- Work order:
Would you retype the listing below word for word, without any of its pictures?

- Dataset section:
■ ■ ■ ■ ■ ■ ■
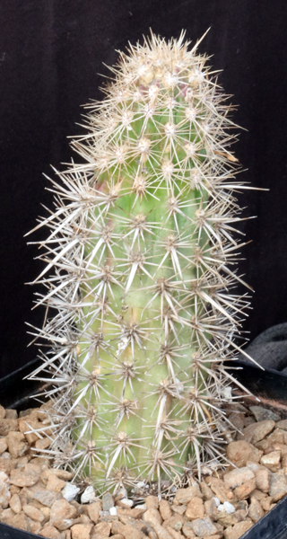 This species once occupied large areas of the Llano de Magdalena in Baja California Sur, Mexico, but agricultural development has eliminated much of it in the wild. As the common name implies, this species creeps across the ground. The stems are extremely spiny and make this plant rather unique. We offer seedlings of this species in one-gallon pots.
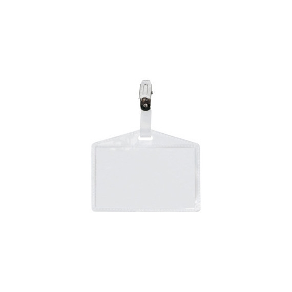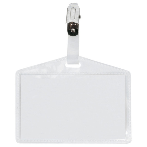 Porta nomi in PP buccia completi di pinzette in metallo (a pinza), senza cartoncino. Apertura lato corto (laterale). Adatti a congressi, riunioni, visite guidate. Formato 95x60mm.
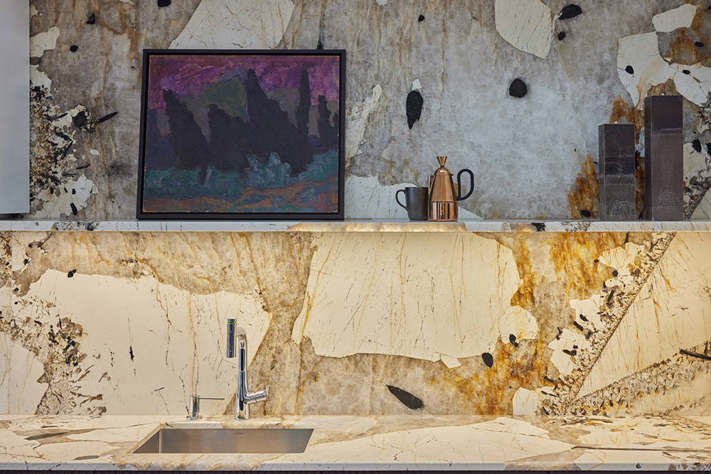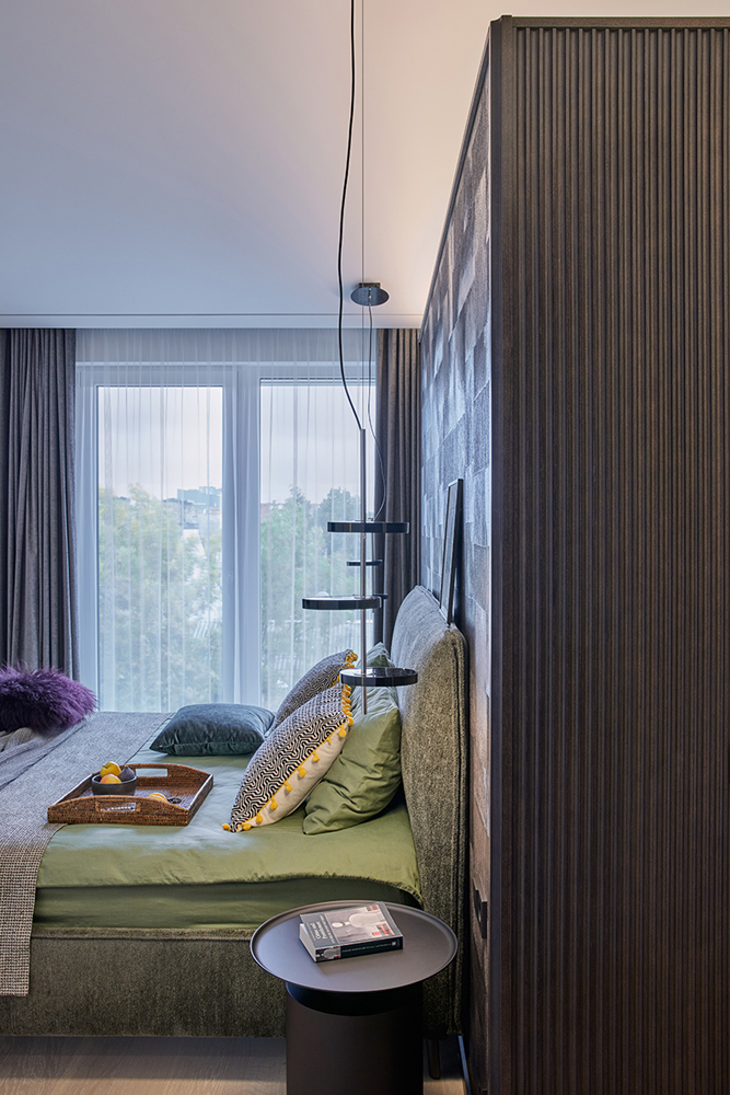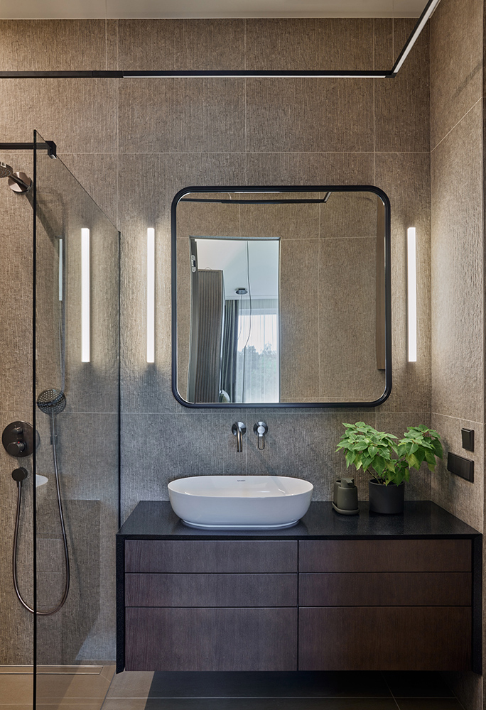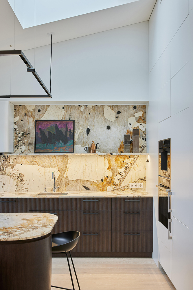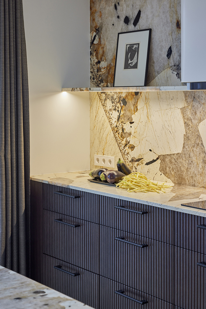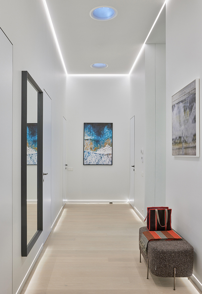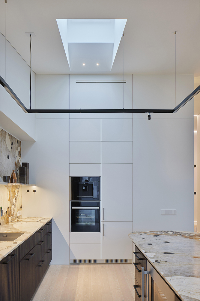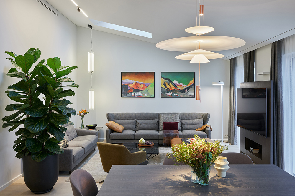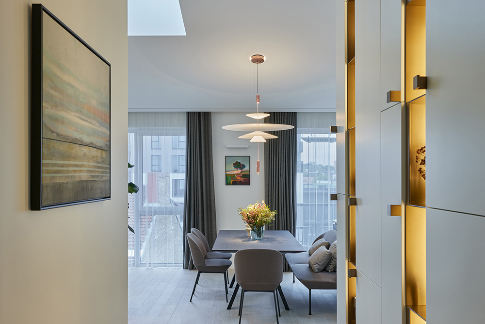 Palėpinis butas naujos statybos name imponavo savo aukštom erdvėm. Neįprastai aukšta palėpės erdvė įkvėpė saikingam ir apgalvotam medžiagų pasirinkimui ir minimalistiniam dekoravimui. Ypatingai svarbią reikšmę suteikėme natūraliai šviesai, dirbtiniam apšvietimui, bei medžagų faktūroms ir jų santykiui interjere. Sąmoningai virtuvės sala, bei netradicinis valgomasis užėmė svarbiausią gyvenamosios erdvės dalį ir tapo funkcine ašimi, bei šeimos gyvenimo centru.
■ ■ ■ ■ ■ ■ ■
- Finished exercise:
 This species once occupied large areas of the Llano de Magdalena in Baja California Sur, Mexico, but agricultural development has eliminated much of it in the wild. As the common name implies, this species creeps across the ground. The stems are extremely spiny and make this plant rather unique. We offer seedlings of this species in one-gallon pots.
 Porta nomi in PP buccia completi di pinzette in metallo (a pinza), senza cartoncino. Apertura lato corto (laterale). Adatti a congressi, riunioni, visite guidate. Formato 95x60mm.
 Palėpinis butas naujos statybos name imponavo savo aukštom erdvėm. Neįprastai aukšta palėpės erdvė įkvėpė saikingam ir apgalvotam medžiagų pasirinkimui ir minimalistiniam dekoravimui. Ypatingai svarbią reikšmę suteikėme natūraliai šviesai, dirbtiniam apšvietimui, bei medžagų faktūroms ir jų santykiui interjere. Sąmoningai virtuvės sala, bei netradicinis valgomasis užėmė svarbiausią gyvenamosios erdvės dalį ir tapo funkcine ašimi, bei šeimos gyvenimo centru.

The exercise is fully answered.